- **Information shown**
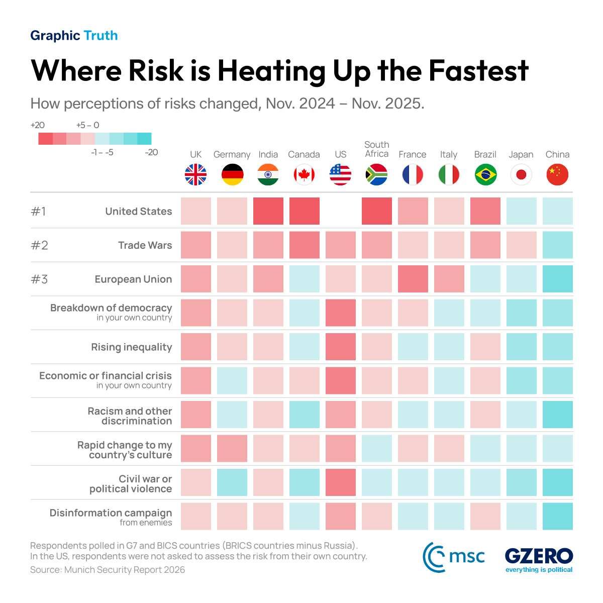 Every year, the Munich Security Conference, the world’s leading forum on international security, releases data that sheds light on how citizens view global risks.
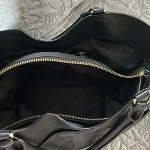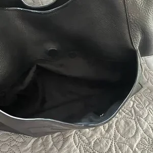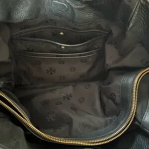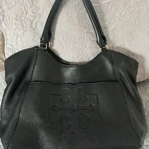 Tory Burch Black Pebbled Leather Double-T Shoulder Tote
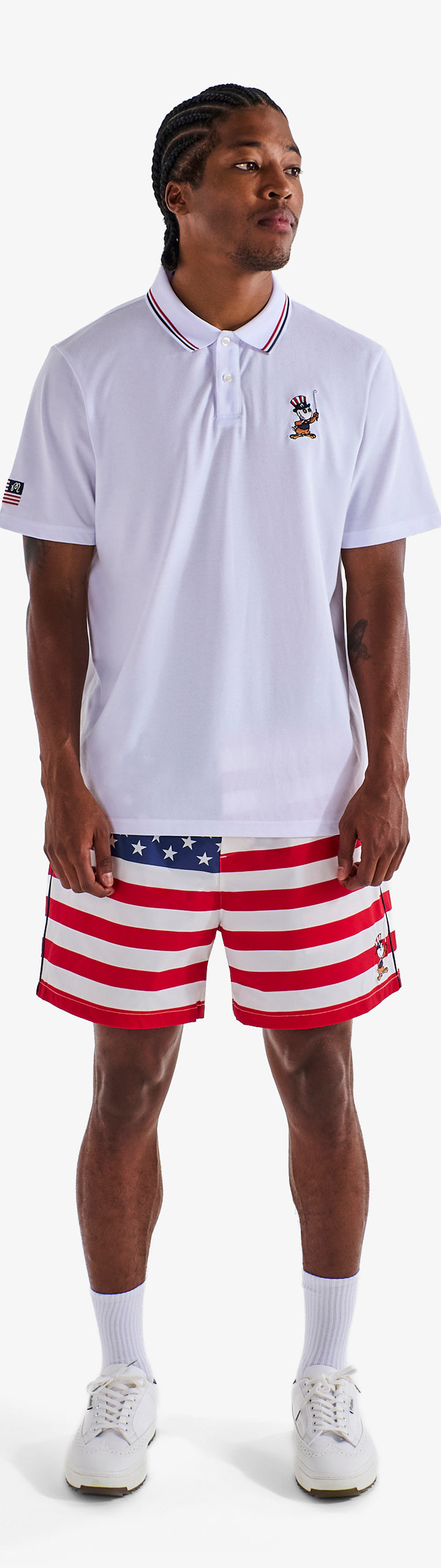 - Embroidered M script flag on right sleeve

- **Your assignment**
Transcribe every line of the listing above exactly; skip the pictures.

- **Exercise solution**
 Every year, the Munich Security Conference, the world’s leading forum on international security, releases data that sheds light on how citizens view global risks.
 Tory Burch Black Pebbled Leather Double-T Shoulder Tote
 - Embroidered M script flag on right sleeve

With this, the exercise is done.